(ENTRIES SHOWN begins)

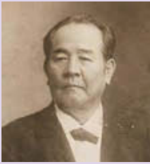
▲渋沢栄一

日本経済や銀行の礎を築き、日本資本主義の父と呼ばれる渋沢栄一。江東区との関係は深く、深川区会議長などを経て、明治30年には澁澤倉庫部(現:澁澤倉庫株式会社)を設立し、深川の発展に尽力しました。渋沢栄一とゆかりの実業家たちの足跡をたどります 時 12/11(水)~13(金) ①9:00出発②12:00出発※雨天決行 集 大江戸線清澄白河駅改札前(出発時間の10分前までに集合) 入 3時間程度歩くことができる小学生以上の方、各回20人定員(申込順、1組3人まで、小学生は保護者同伴) 費 500円(保険代ほか)※小学生無料[ガイドコース]大江戸線清澄白河駅(出発)-三野村ビル-清澄公園-セメント発祥の地-澁澤倉庫(澁澤シティプレイス)-福住稲荷-深川東京モダン館(解散) 申 11/26(火)9:00から電話で江東区文化観光ガイド事務局(江東区観光協会内) ☎6458-7410、FAX6458-7420
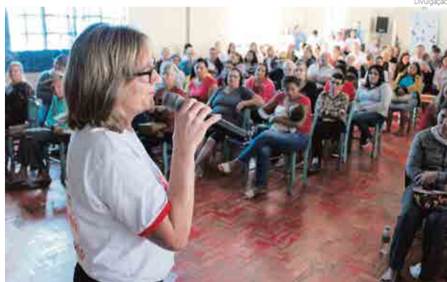
Flor-sertanenses contaram com diversas atividades

Já em Bom Jesus do Oeste o evento realizado no Clube de Idosos teve como temática principal o "Programa municipal de controle e erradicação da tuberculose e brucelose". A programação especial foi uma iniciativa da administração, juntamente com as secretarias de Saúde e Agricultura, Epagri, Cidasc e Icasa.
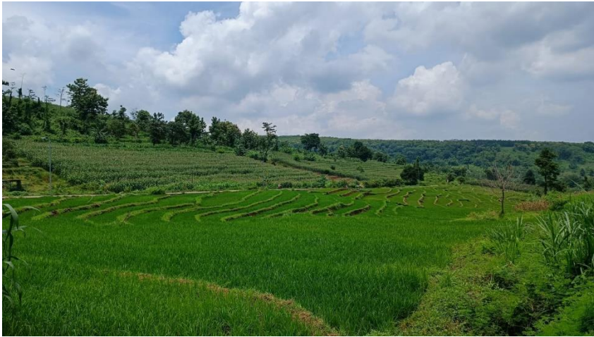
Pemandangan Alam Desa Sumberjati
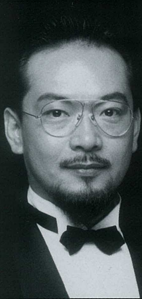
テノール 福井 敬

解禁直後のセントレアオリジナルボーショレウエイージュ 又「ウオーヤ」や「セントレア」で開催中の巨大アートキルト「源氏 物語千年紀」展作品(一部)をお楽しみいただけます。
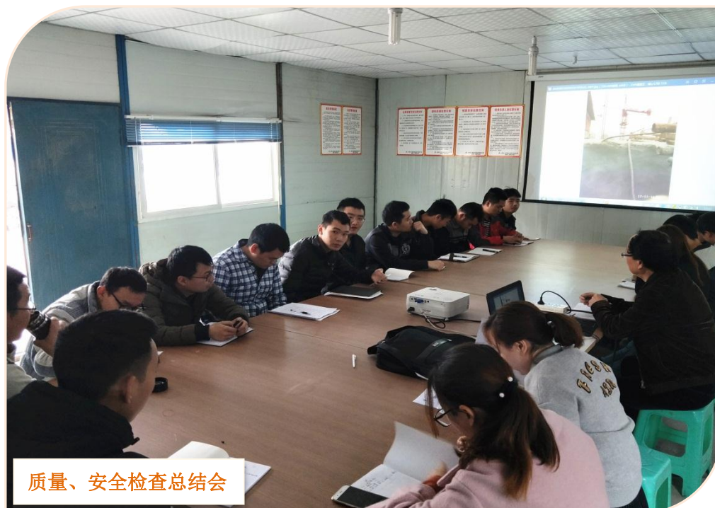
质量、安全检查总结会

(ENTRIES SHOWN ends)

The whole of the data needs to be copied word for word, though not its pictures.

RESPONSE BOX:
▲渋沢栄一

日本経済や銀行の礎を築き、日本資本主義の父と呼ばれる渋沢栄一。江東区との関係は深く、深川区会議長などを経て、明治30年には澁澤倉庫部(現:澁澤倉庫株式会社)を設立し、深川の発展に尽力しました。渋沢栄一とゆかりの実業家たちの足跡をたどります 時 12/11(水)~13(金) ①9:00出発②12:00出発※雨天決行 集 大江戸線清澄白河駅改札前(出発時間の10分前までに集合) 入 3時間程度歩くことができる小学生以上の方、各回20人定員(申込順、1組3人まで、小学生は保護者同伴) 費 500円(保険代ほか)※小学生無料[ガイドコース]大江戸線清澄白河駅(出発)-三野村ビル-清澄公園-セメント発祥の地-澁澤倉庫(澁澤シティプレイス)-福住稲荷-深川東京モダン館(解散) 申 11/26(火)9:00から電話で江東区文化観光ガイド事務局(江東区観光協会内) ☎6458-7410、FAX6458-7420
Flor-sertanenses contaram com diversas atividades

Já em Bom Jesus do Oeste o evento realizado no Clube de Idosos teve como temática principal o "Programa municipal de controle e erradicação da tuberculose e brucelose". A programação especial foi uma iniciativa da administração, juntamente com as secretarias de Saúde e Agricultura, Epagri, Cidasc e Icasa.
Pemandangan Alam Desa Sumberjati
テノール 福井 敬

解禁直後のセントレアオリジナルボーショレウエイージュ 又「ウオーヤ」や「セントレア」で開催中の巨大アートキルト「源氏 物語千年紀」展作品(一部)をお楽しみいただけます。
质量、安全检查总结会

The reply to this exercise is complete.